Description of the task
List all lines of the data that include the string "Wool".

Data in this exercise

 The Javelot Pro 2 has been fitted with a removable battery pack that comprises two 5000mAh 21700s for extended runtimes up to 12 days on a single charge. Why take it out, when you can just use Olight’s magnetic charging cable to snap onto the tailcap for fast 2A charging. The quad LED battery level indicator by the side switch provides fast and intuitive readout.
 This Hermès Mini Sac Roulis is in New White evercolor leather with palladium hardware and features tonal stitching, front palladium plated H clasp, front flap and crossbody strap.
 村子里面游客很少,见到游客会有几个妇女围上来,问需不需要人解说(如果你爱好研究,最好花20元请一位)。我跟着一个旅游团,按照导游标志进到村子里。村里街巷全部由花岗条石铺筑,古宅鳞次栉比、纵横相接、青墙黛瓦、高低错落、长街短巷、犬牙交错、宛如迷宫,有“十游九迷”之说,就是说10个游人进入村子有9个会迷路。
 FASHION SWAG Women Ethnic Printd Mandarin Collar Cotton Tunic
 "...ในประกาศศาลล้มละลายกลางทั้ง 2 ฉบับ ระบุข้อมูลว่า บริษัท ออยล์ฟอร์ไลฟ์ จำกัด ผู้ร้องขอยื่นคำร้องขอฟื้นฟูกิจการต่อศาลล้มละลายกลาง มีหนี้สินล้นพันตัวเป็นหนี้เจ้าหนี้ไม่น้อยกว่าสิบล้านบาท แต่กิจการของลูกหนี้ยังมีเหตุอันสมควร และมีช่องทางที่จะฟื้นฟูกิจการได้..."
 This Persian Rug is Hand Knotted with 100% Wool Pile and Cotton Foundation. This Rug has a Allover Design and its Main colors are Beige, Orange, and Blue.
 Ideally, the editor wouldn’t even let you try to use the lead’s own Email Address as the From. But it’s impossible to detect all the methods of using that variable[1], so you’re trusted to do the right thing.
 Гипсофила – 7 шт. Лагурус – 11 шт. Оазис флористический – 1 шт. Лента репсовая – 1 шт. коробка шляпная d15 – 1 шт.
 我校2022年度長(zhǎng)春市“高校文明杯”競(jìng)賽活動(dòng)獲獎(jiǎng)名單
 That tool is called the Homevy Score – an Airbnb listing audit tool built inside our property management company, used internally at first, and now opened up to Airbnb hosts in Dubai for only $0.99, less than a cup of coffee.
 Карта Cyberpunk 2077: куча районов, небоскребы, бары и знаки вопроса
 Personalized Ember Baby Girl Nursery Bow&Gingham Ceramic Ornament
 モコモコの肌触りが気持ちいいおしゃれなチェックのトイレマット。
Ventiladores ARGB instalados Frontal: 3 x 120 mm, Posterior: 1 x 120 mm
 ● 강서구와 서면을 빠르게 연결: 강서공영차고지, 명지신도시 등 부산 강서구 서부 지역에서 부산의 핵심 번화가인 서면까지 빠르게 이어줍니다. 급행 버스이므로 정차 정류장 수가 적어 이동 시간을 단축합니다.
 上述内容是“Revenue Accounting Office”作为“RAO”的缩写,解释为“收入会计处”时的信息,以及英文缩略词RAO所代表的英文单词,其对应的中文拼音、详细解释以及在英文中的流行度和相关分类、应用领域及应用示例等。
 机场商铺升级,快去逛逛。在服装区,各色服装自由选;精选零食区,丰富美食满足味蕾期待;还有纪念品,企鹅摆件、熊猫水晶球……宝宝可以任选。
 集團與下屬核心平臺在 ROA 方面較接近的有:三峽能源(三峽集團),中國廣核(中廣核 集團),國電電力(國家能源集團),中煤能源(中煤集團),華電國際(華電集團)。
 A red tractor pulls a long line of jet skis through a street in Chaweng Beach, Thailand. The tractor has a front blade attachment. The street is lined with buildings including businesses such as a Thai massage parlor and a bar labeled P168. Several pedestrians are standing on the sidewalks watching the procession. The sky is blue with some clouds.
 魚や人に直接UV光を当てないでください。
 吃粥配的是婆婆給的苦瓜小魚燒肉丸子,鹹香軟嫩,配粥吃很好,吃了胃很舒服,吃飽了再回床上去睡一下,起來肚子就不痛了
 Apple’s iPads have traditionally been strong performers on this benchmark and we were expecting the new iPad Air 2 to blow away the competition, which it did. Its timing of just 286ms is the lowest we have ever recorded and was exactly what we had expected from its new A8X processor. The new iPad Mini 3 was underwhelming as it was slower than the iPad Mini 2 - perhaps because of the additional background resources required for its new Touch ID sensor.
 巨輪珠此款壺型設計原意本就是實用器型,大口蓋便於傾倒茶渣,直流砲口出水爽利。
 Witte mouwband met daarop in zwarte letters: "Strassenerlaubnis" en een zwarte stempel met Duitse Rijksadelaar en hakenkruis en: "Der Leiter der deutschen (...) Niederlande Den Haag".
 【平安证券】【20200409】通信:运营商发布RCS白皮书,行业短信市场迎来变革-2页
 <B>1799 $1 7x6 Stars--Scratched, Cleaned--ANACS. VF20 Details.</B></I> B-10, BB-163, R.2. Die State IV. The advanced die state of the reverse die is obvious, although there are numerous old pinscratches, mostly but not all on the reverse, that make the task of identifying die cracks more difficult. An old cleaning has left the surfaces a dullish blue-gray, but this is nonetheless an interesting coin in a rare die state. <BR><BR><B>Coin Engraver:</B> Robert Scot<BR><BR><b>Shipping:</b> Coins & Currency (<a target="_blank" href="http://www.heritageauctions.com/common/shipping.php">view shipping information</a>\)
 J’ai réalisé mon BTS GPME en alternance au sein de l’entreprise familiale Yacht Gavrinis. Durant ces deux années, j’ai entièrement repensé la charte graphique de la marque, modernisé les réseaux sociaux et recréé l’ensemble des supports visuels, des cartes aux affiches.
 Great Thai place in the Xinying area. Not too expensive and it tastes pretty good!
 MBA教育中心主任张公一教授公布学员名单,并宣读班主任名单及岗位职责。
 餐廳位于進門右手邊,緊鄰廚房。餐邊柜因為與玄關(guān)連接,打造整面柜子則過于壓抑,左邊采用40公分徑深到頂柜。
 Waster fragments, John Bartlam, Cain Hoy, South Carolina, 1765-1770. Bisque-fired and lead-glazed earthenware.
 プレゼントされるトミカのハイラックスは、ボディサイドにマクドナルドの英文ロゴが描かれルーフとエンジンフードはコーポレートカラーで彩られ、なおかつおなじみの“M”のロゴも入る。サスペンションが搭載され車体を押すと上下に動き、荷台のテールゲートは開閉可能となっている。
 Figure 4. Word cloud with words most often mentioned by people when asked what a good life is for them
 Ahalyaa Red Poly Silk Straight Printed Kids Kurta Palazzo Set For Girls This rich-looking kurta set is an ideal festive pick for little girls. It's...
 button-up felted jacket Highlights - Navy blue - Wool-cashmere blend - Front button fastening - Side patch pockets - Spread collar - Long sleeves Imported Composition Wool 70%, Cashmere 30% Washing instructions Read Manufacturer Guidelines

Final answer
 This Persian Rug is Hand Knotted with 100% Wool Pile and Cotton Foundation. This Rug has a Allover Design and its Main colors are Beige, Orange, and Blue.
 button-up felted jacket Highlights - Navy blue - Wool-cashmere blend - Front button fastening - Side patch pockets - Spread collar - Long sleeves Imported Composition Wool 70%, Cashmere 30% Washing instructions Read Manufacturer Guidelines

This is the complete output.